You Who answers prayers, hasten Your grace upon us
You are truly the One full of generosity, goodness, and favour.
Grant us the gratitude incumbent upon us
which beckons increase without any loss.
Bring us forth from the prison of physical forms and raise us
to the realm of spirits as recompense for thanks.
Efface us from our egos and sustain us always in You,
that we might be among those who are heir to the secret.

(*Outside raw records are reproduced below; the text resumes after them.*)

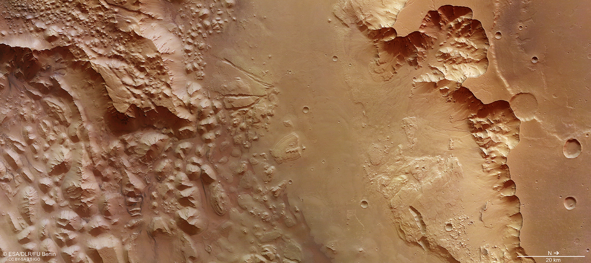 Aurorae Chaos (left) and Ganges Chasma (right) imaged by the HRSC instrument aboard Mars Express.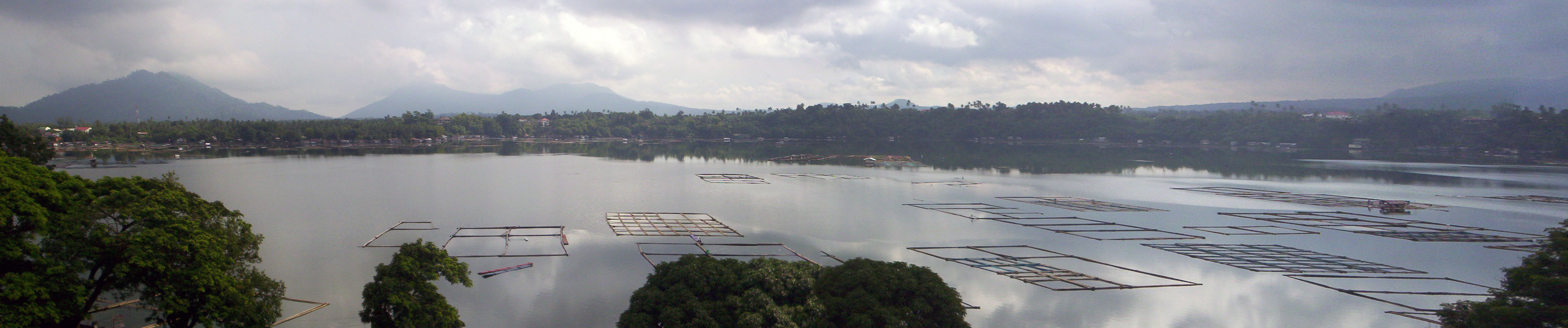 The view of Lake Sampaloc in San Pablo City, Laguna from the Lake Sampaloc view deck. It is the largest and most developed lake in San Pablo's Seven Lakes wherein fishing and recreational activities take place.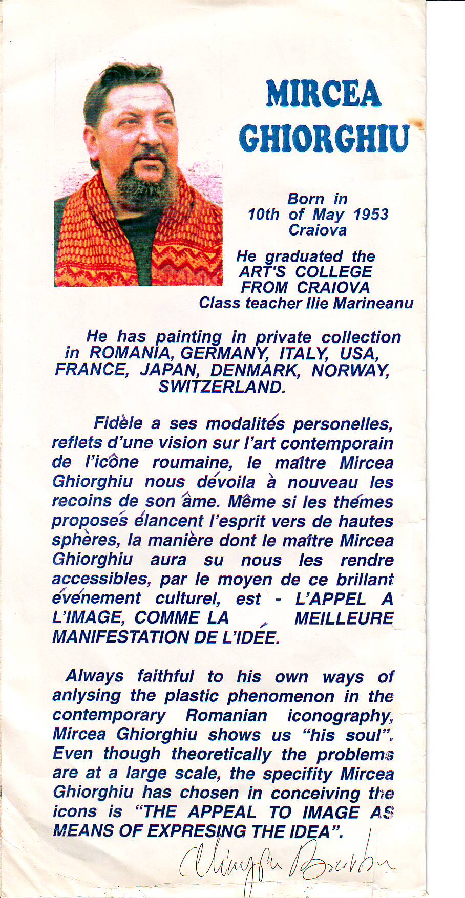 Folder pubicated for event - exhibition of icons on wood - Mircea Ghiorghiu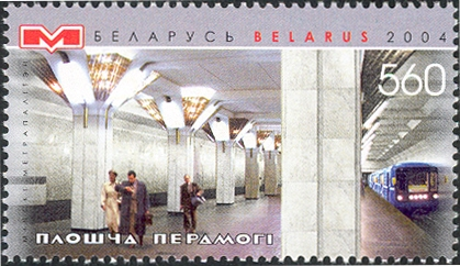 Stamp of Belarus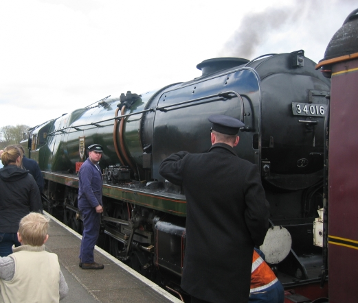 Locomotive No 34016, SR No 21C116 an SR West Country class on Watercress line taken at Alton, Hampshire.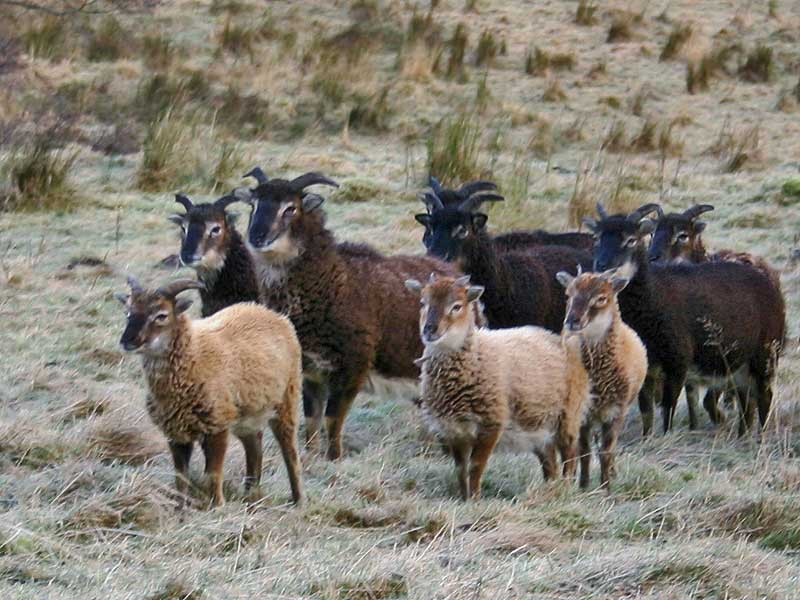 Soay sheep at Inverchor, Glenlivet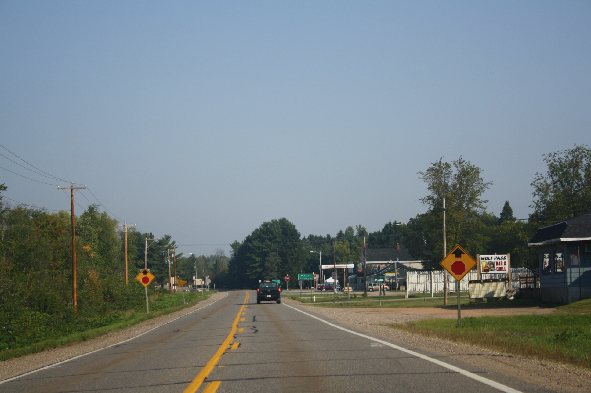 Looking north at the unincorporated community of Langlade (community), Wisconsin in Langlade County, Wisconsin on Wisconsin Highway 55.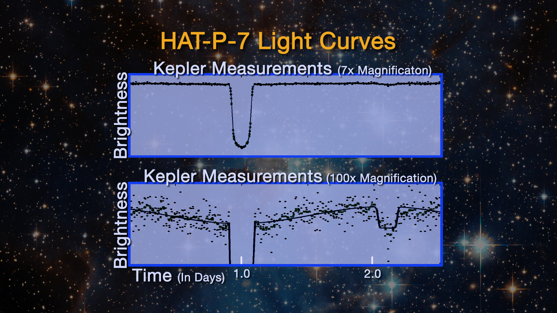 The Kepler measurements show the transit from the previously detected HAT-P-7. However, these new measurements are so precise, they also show a smooth rise and fall of the light between transits caused by the changing phases of the planet, similar to those of our moon. This is a combination of both the light emitted from the planet and the light reflected off the planet. The smooth rise and fall of light is also punctuated by a small drop in light, called an occultation, exactly halfway between each transit. An occultation happens when a planet passes behind a star.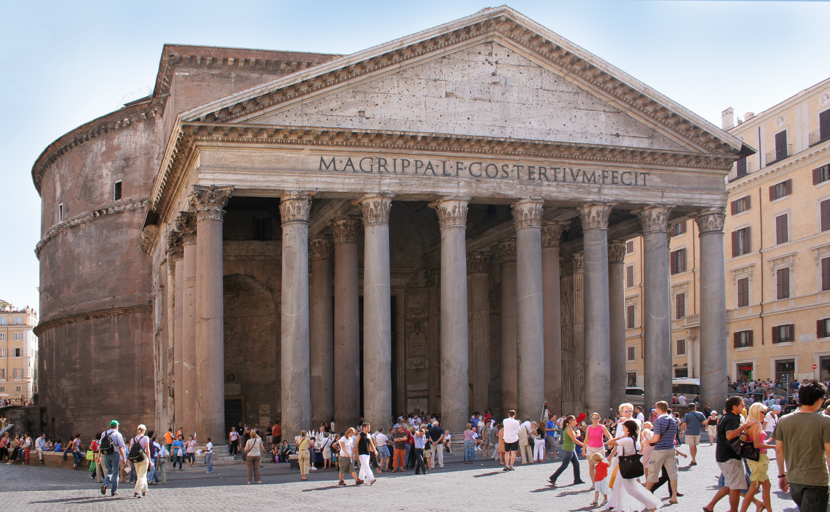 Pantheon (Rome) - Front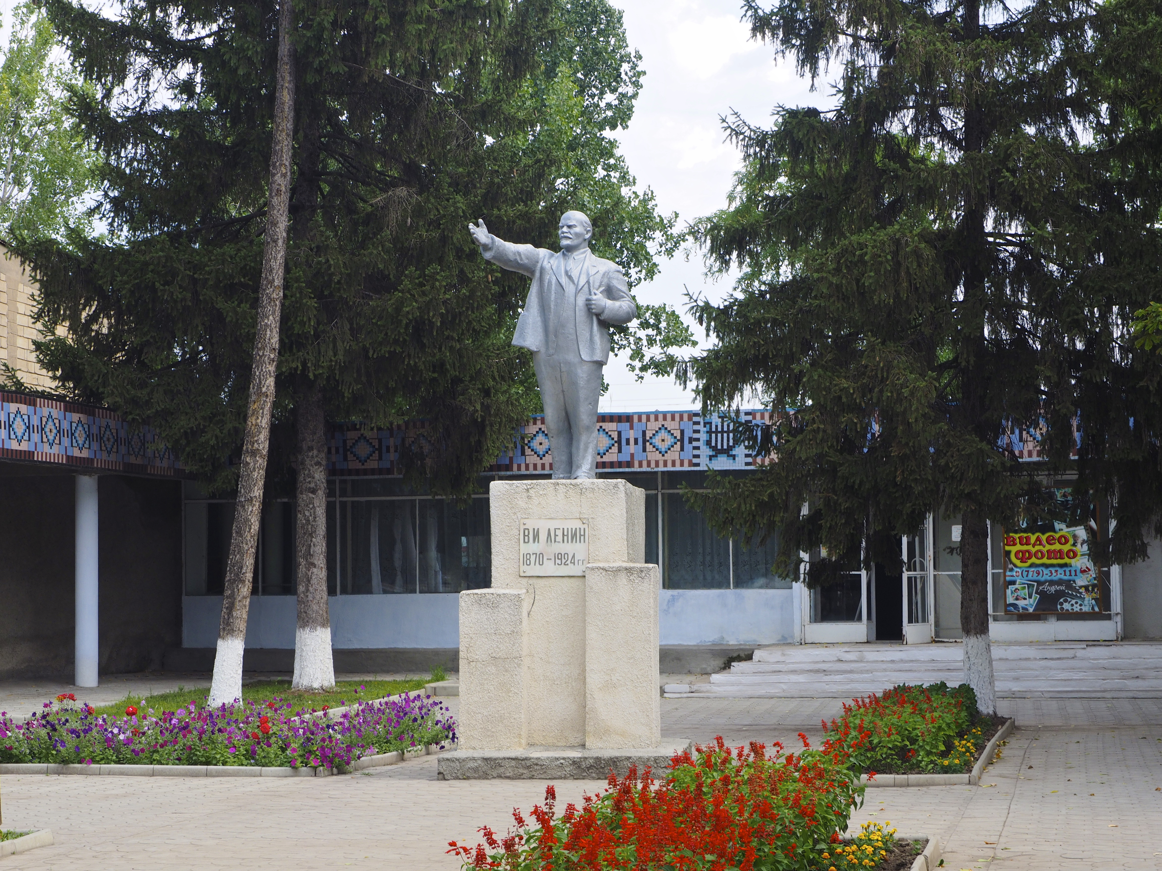 statue of Lenin in Grigoriopol, Transnistria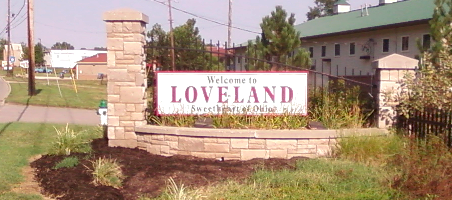 A sign welcoming motorists to the city of Loveland, Ohio, United States, the "Sweetheart of Ohio". The sign is part of a larger, gate-like installation on both sides of Loveland–Madeira Road.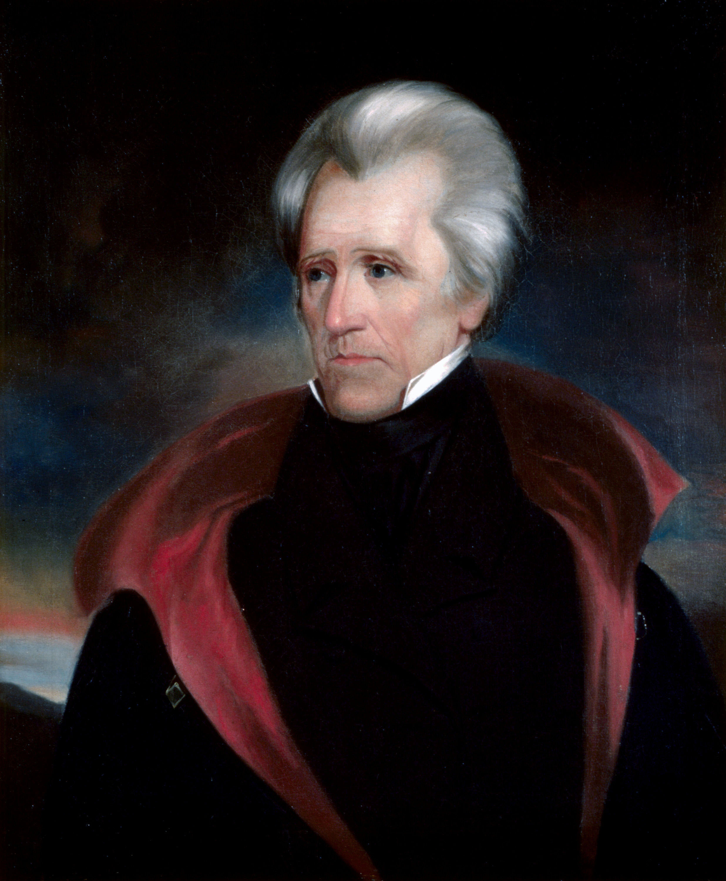 Portrait of Andrew Jackson, the seventh president of the United States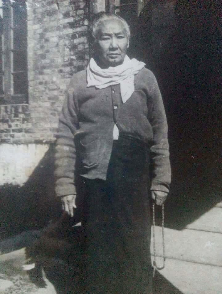 Princess Myat Phaya was a Burmese princess and senior member of the Royal House of Konbaung. she is the third daughter of the last ruling king of Burma, King Thibaw.

Muhammad ibn al-Habib, Diwan, Praise.
Reflections
Our recent sohbets have included some beautiful reflections on breath, knowledge and free will, and how we might deepen our understanding and attention to Truth. This one has been particularly struck by just how expansively the Masters of the Way view such things. Their words flow from their state and are an expression of deep connection with the Real. They are also a kind of spiritual technology, allowing us to gather much-needed insight on we ourselves might grow. This is one of the main reasons that this heart loves God’s beloved friends so very much! Allah!
This month’s theme is: ‘Free will is the effort to thank God for his gifts’. As last week’s sohbet made clear, this is such a rich topic, and one made all the richer for our shared exploration. Sitting with these issues has brought a number of things to this heart.
Firstly, given the fractured state of the nafs, it seems clear that the only way to grow is to turn ever more deeply to Allah. That is, my focus should be on understanding my own blockages, with the intention of gently and humanely overcoming them. This requires both deep insight, which can only emerge from ongoing self-accounting and thus, muraqabah, and also an ever more authentic practice of prayer. As we repeat after every prayer, ‘and Allah says ‘call upon Me and I will respond’, our Lord answers, and is thus active in our gradual unfolding! Allah! Muraqabah and heartfelt du’a can open our hearts, providing insight, connection and guidance. Our first reading this week really expresses this deep point: ‘Gather me together with those who are truly living, whom You nourish both physically and spiritually’.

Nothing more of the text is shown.